-- How to complete this task --
Please reproduce the data exactly, though every picture must stay out.

-- Dataset --
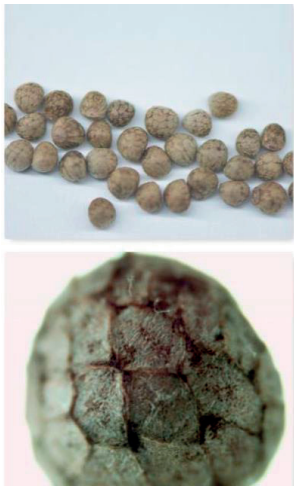
Figure 5. Seeds of Perilla frutescens var. frutescens

The flowers appear in the middle of August, grouped in racemes, and have a white colour. The seeds have a grey colour and the mass of one thousand seeds is 4.26 g (Figure 5).
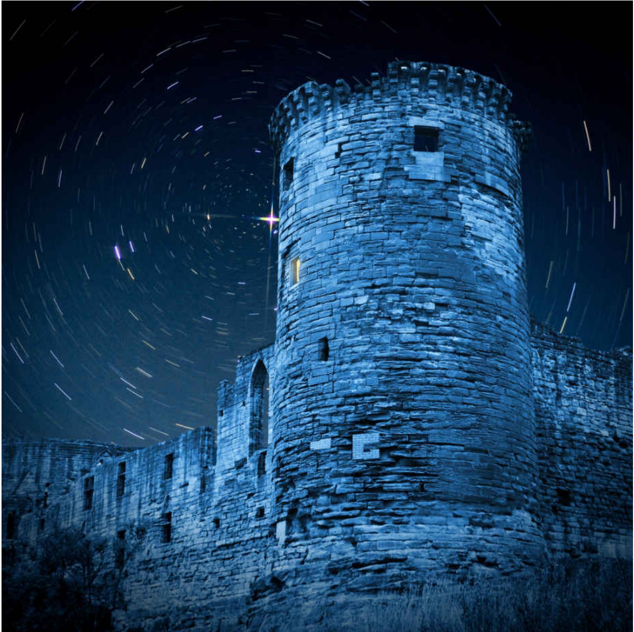
Fig. 3. This is Bothwell Castle (at Night) (2010) Xxxrmt
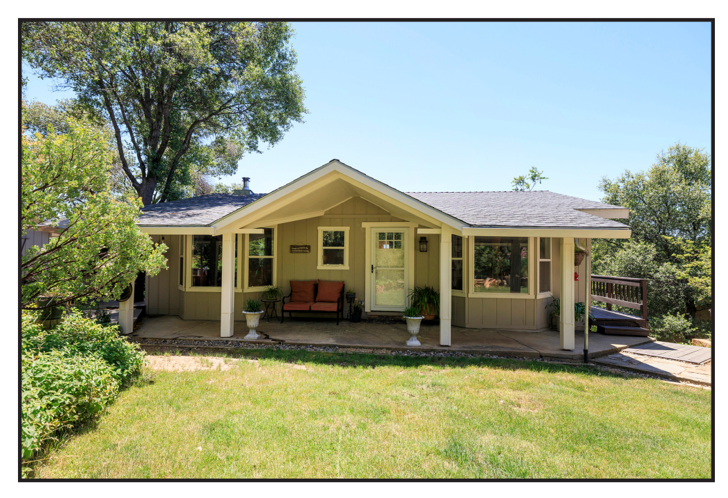
3 Bedrooms 2 Bathrooms 1972 Square Feet on 2.16 Acres
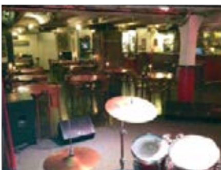
View from the stage to the left
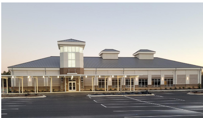
CareSouth Carolina Cheraw is now located at 812 State Road, Cheraw, SC

CareSouth Carolina is excited to announce the opening of its all-new state-of-the-art facility in Cheraw. The new facility, located at 812 State Road Cheraw, is now welcoming patients.
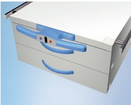
Medium-load shelf, maximum of two drawers, with optional control handle
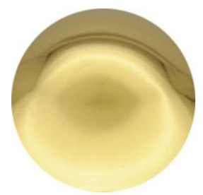
PVD Gold-Old Pearl
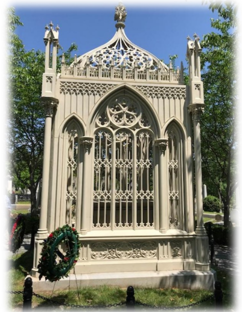
Tomb of President James Monroe Hollywood Cemetery, Richmond, VA
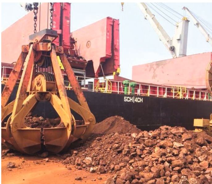
MV SUNBAY : Discharging iron ore in China

On the other hand, India has seen a huge increase in the imports of iron ore. The imports of iron ore crossed 7 million tons during the period from Apr 2014 to Nov 2014, and they are expected to touch 11 million tons by the end of Mar 2015. The major reason attributed to higher imports is drop in global prices as well as limited domestic supply. Currently prices of South African iron ore lumps is around $95/MT CIF Indian ports. Indian domestic iron ore prices, which have been rising owing to short supply, are likely to feel the pressure in the backdrop of falling global prices.
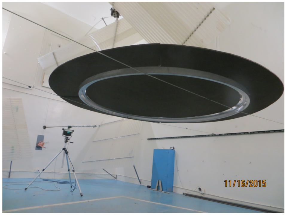
Figure 2 - Bottom of test specimen.
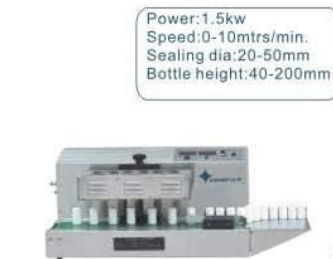
LGYF1500A-I Continuous Induction Sealer

Power: 1.5kw Speed: 0-10mtrs/min. Sealing dia: 20-50mm Bottle height: 40-200mm

-- Exercise solution --
Figure 5. Seeds of Perilla frutescens var. frutescens

The flowers appear in the middle of August, grouped in racemes, and have a white colour. The seeds have a grey colour and the mass of one thousand seeds is 4.26 g (Figure 5).
Fig. 3. This is Bothwell Castle (at Night) (2010) Xxxrmt
3 Bedrooms 2 Bathrooms 1972 Square Feet on 2.16 Acres
View from the stage to the left
CareSouth Carolina Cheraw is now located at 812 State Road, Cheraw, SC

CareSouth Carolina is excited to announce the opening of its all-new state-of-the-art facility in Cheraw. The new facility, located at 812 State Road Cheraw, is now welcoming patients.
Medium-load shelf, maximum of two drawers, with optional control handle
PVD Gold-Old Pearl
Tomb of President James Monroe Hollywood Cemetery, Richmond, VA
MV SUNBAY : Discharging iron ore in China

On the other hand, India has seen a huge increase in the imports of iron ore. The imports of iron ore crossed 7 million tons during the period from Apr 2014 to Nov 2014, and they are expected to touch 11 million tons by the end of Mar 2015. The major reason attributed to higher imports is drop in global prices as well as limited domestic supply. Currently prices of South African iron ore lumps is around $95/MT CIF Indian ports. Indian domestic iron ore prices, which have been rising owing to short supply, are likely to feel the pressure in the backdrop of falling global prices.
Figure 2 - Bottom of test specimen.
LGYF1500A-I Continuous Induction Sealer

Power: 1.5kw Speed: 0-10mtrs/min. Sealing dia: 20-50mm Bottle height: 40-200mm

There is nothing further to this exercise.